#### Exercise materials

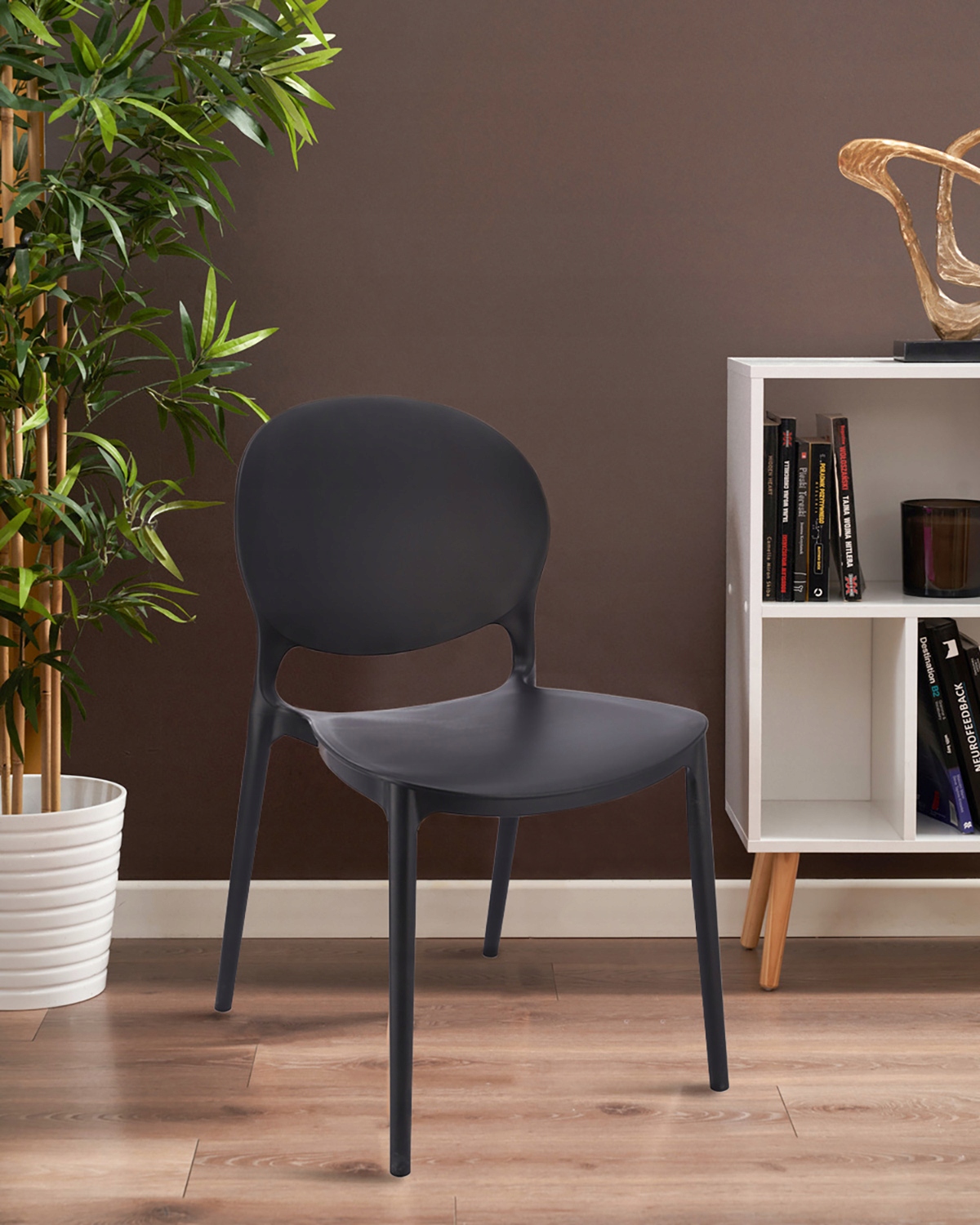➡️ Owalne oparcie jak i całe krzesło wykonane jest z polipropylenu co zapewnia mu długotrwałą wytrzymałość, a proste nogi zapewniają idealną stabilność.
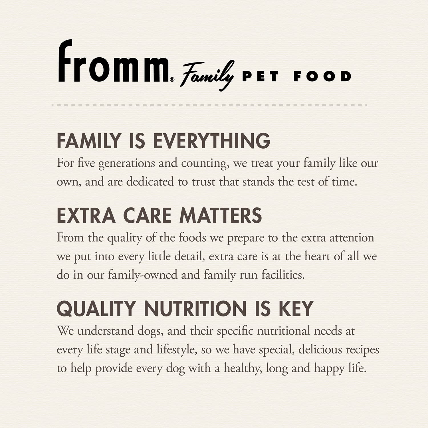 - FAMILY OWNED & OPERATED - Fromm Family Foods is a fifth-generation family-owned-and-operated pet food company based in Wisconsin. Since 1904, our family has maintained a tradition of quiet innovation dedicated to the health and nutrition of animals.
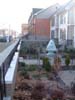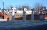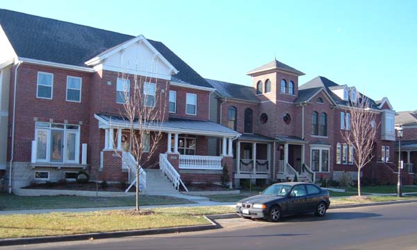 I probably am not supposed to like this new development. I'm not supposed to like that there are cheap aspects to the construction. I'm not supposed to like the faux historical forms, like the quasi-Italianate tower on one of the houses. I'm not supposed to like that the new housing will bring yuppies into town. I'm not supposed to like that this new construction replaces the last remnants of an enormously historical block of St. Louis. And I should be outraged that they put up a memorial to the old Square. A memorial! How dare they mock what they've torn down!
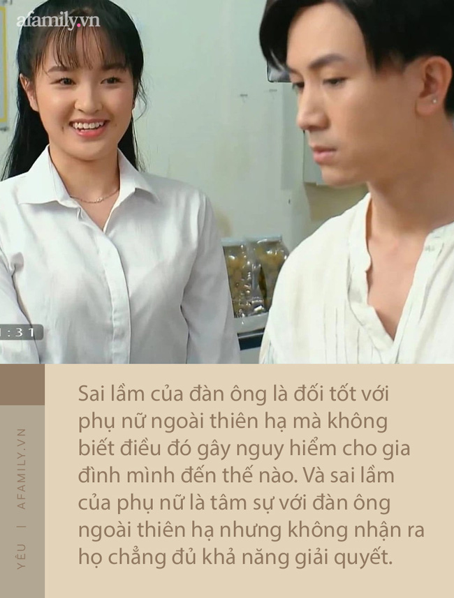 Sai lầm của đàn ông là đối tốt với phụ nữ ngoài thiên hạ mà không biết điều đó gây nguy hiểm cho gia đình mình đến thế nào. Và sai lầm của phụ nữ là tâm sự với đàn ông ngoài thiên hạ nhưng không nhận ra họ chẳng đủ khả năng giải quyết những rắc rối nội tại của chính bạn.
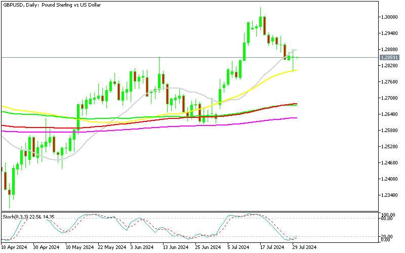The GBP/USD pair broke above 1.30 in early July, but an inverted hammer candlestick on the weekly chart this week indicated a potential bearish reversal. The price has since fallen by approximately 2 cents from its peak, suggesting that the bullish breakout might have been a false move. However, the decline paused around the 50-day SMA (yellow) today. The CBI Realized Sales for June reported a -43k decline, compared to the expected -20k, adding to the bearish sentiment in this forex pair. Nonetheless, there could be a “buy-the-fact” scenario, where the GBP might see a relief rally if the Bank of England (BOE) decides not to cut rates.
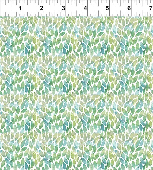 xLight blue and green leaves packed together on a white background. Fluttering beauty! Butterfly Fantasy by Jason Yenter for In the Beginning Fabrics is a charming fabric collection full of flowers, butterflies, and tiles. This collection will have your heart fluttering!
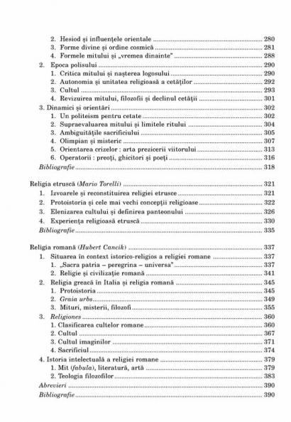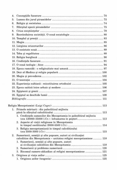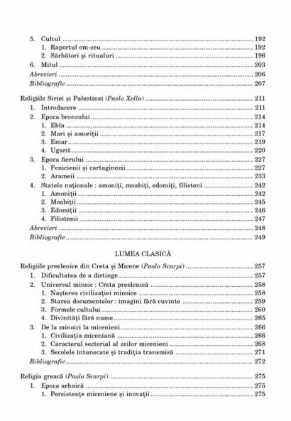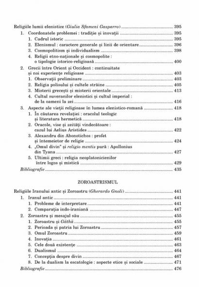 Am preferat sa recurgem la ordinea consacrata, care porneste de la prezentarea datelor pe care le detinem privind preistoria, parcurge intregul tablou al religiilor antice (vol. I), abordeaza cele trei religii abrahamice – iudaismul, crestinismul, islamul – (vol. II si III), pentru a trece apoi la tratarea religiilor Extremului Orient (vol. IV) si, in final, a religiilor popoarelor sub aspect etnologic (vol. V). Un statut aparte il au religiile dualiste – gnoza, maniheismul si destinul lor medieval –, pe care am decis sa le izolam dupa un criteriu tipologic (ele se gasesc in volumul al treilea doar din motive editoriale), si religiile din America precolumbiana, plasate din motive similare in ultimul volum.” (Giovanni Filoramo)
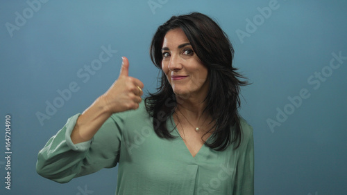 Middle age hispanic woman in green blouse showing thumbs up gesture facing camera in studio setting; approval.
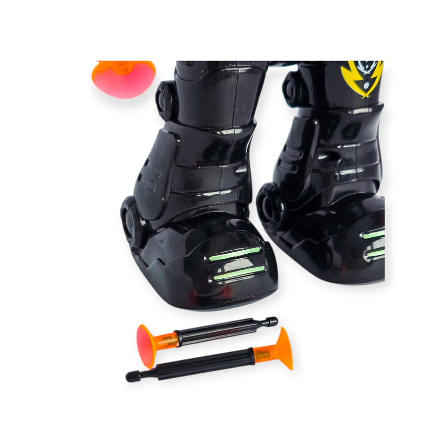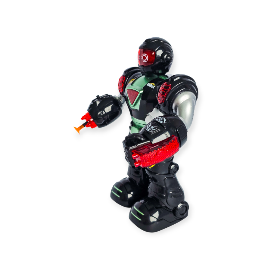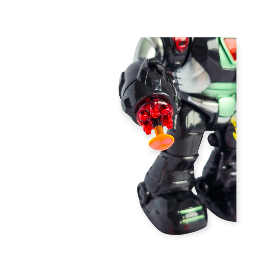 Žaislas vaikšto, skleidžia garsus, šviečia, šaudo strėlytėmis.
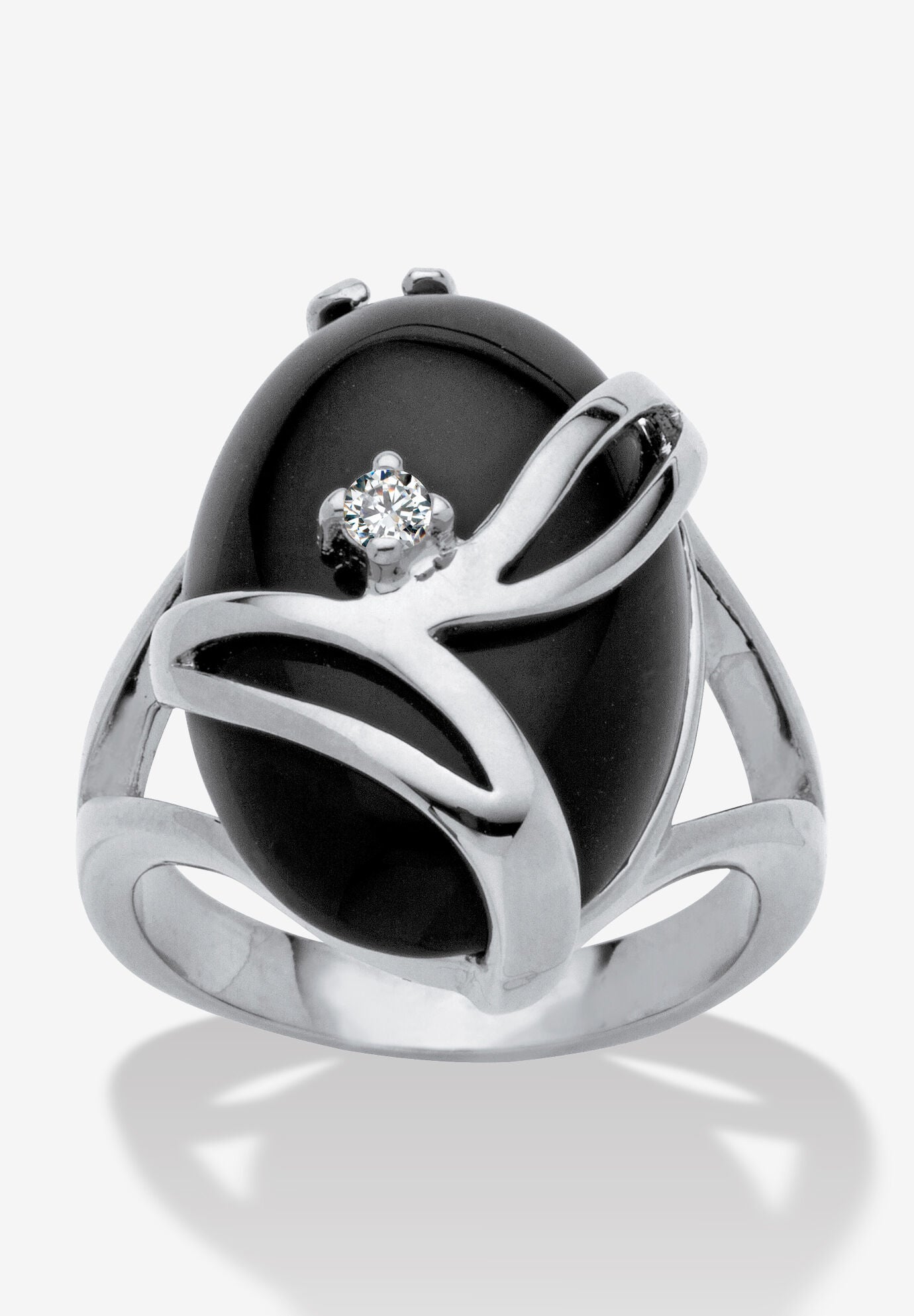 Women's Oval-Shaped Onyx & Crystal Accent Cocktail Ring In Platinum-Plated by PalmBeach Jewelry in Black (Size 8)
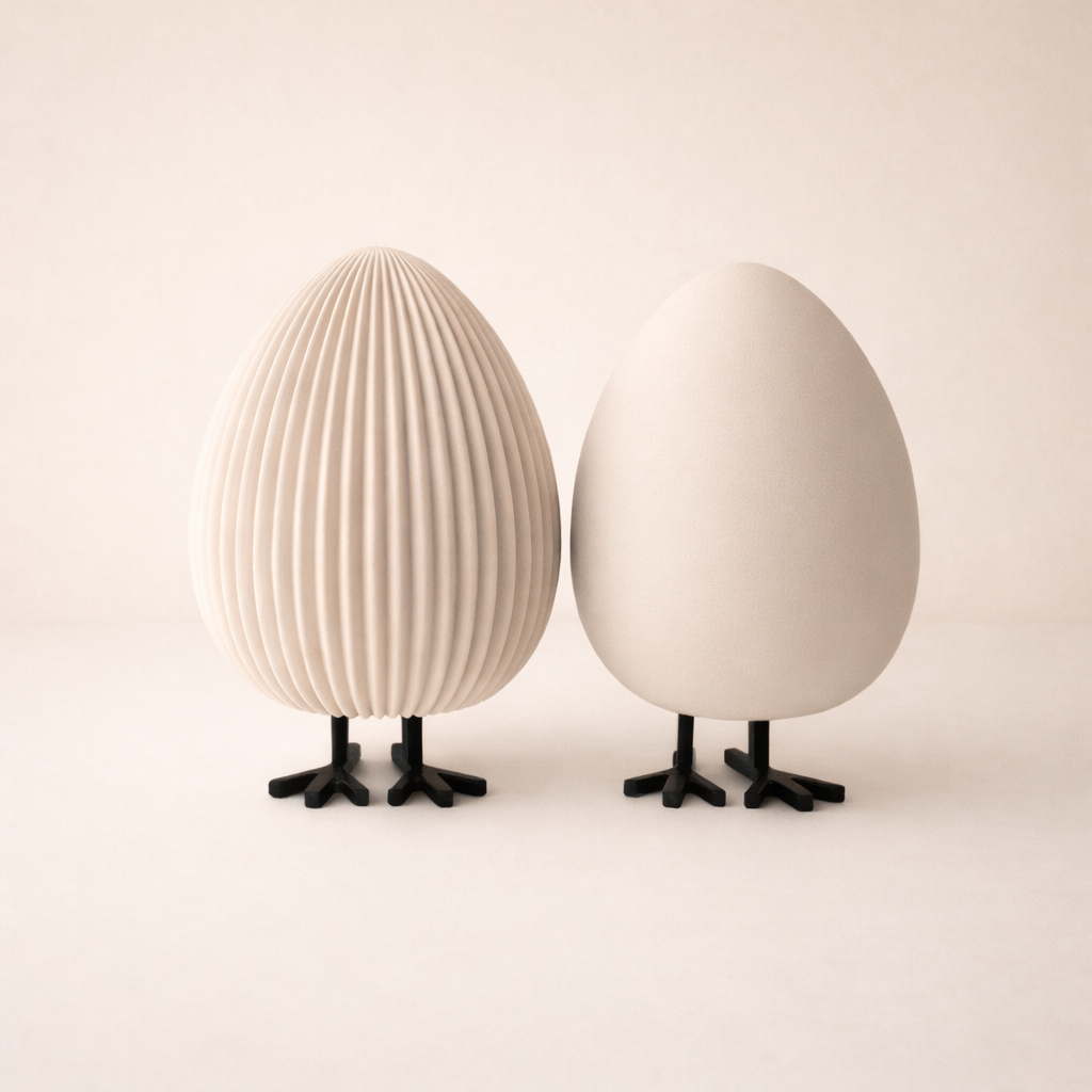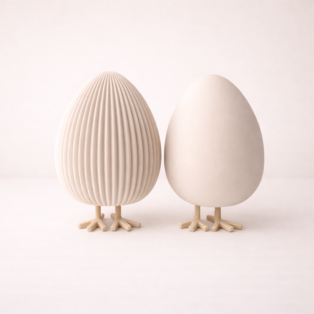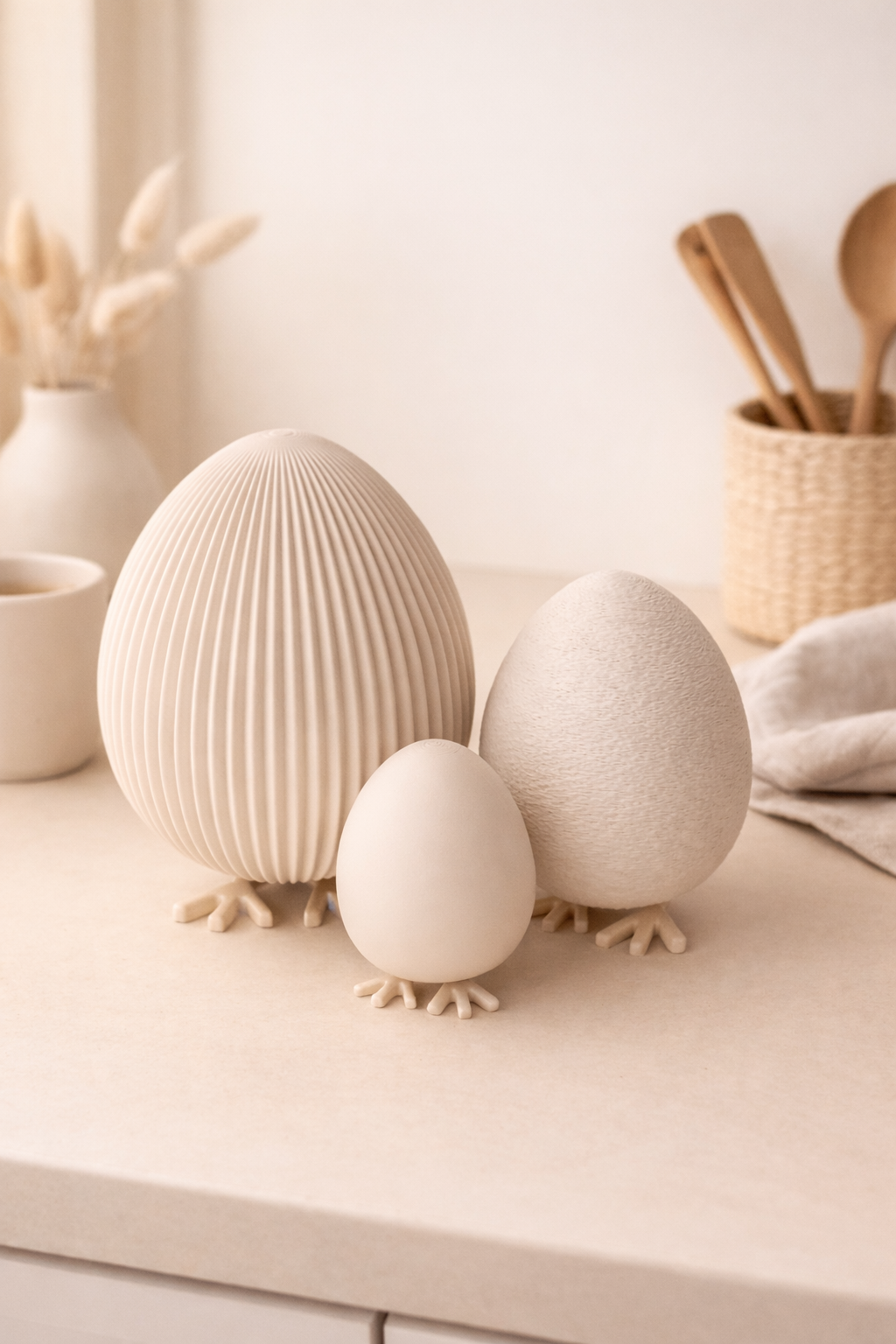 Gefertigt im hochwertigen 3D-Druck, wirken die Eier modern, leicht und zeitlos. Die kleinen Füße verleihen dem Design einen charmanten, fast verspielten Akzent und lassen das Ei sicher stehen – perfekt für Sideboards, Regale, Fensterbänke oder als dezente Osterdeko.

########

= Problem details =
Once the line with "Sai lầm của đàn" is found above, transcribe each line from it through the line with "The GBP/USD pair", exactly, and omit the pictures.

= Completed task =
 Sai lầm của đàn ông là đối tốt với phụ nữ ngoài thiên hạ mà không biết điều đó gây nguy hiểm cho gia đình mình đến thế nào. Và sai lầm của phụ nữ là tâm sự với đàn ông ngoài thiên hạ nhưng không nhận ra họ chẳng đủ khả năng giải quyết những rắc rối nội tại của chính bạn.
The GBP/USD pair broke above 1.30 in early July, but an inverted hammer candlestick on the weekly chart this week indicated a potential bearish reversal. The price has since fallen by approximately 2 cents from its peak, suggesting that the bullish breakout might have been a false move. However, the decline paused around the 50-day SMA (yellow) today. The CBI Realized Sales for June reported a -43k decline, compared to the expected -20k, adding to the bearish sentiment in this forex pair. Nonetheless, there could be a “buy-the-fact” scenario, where the GBP might see a relief rally if the Bank of England (BOE) decides not to cut rates.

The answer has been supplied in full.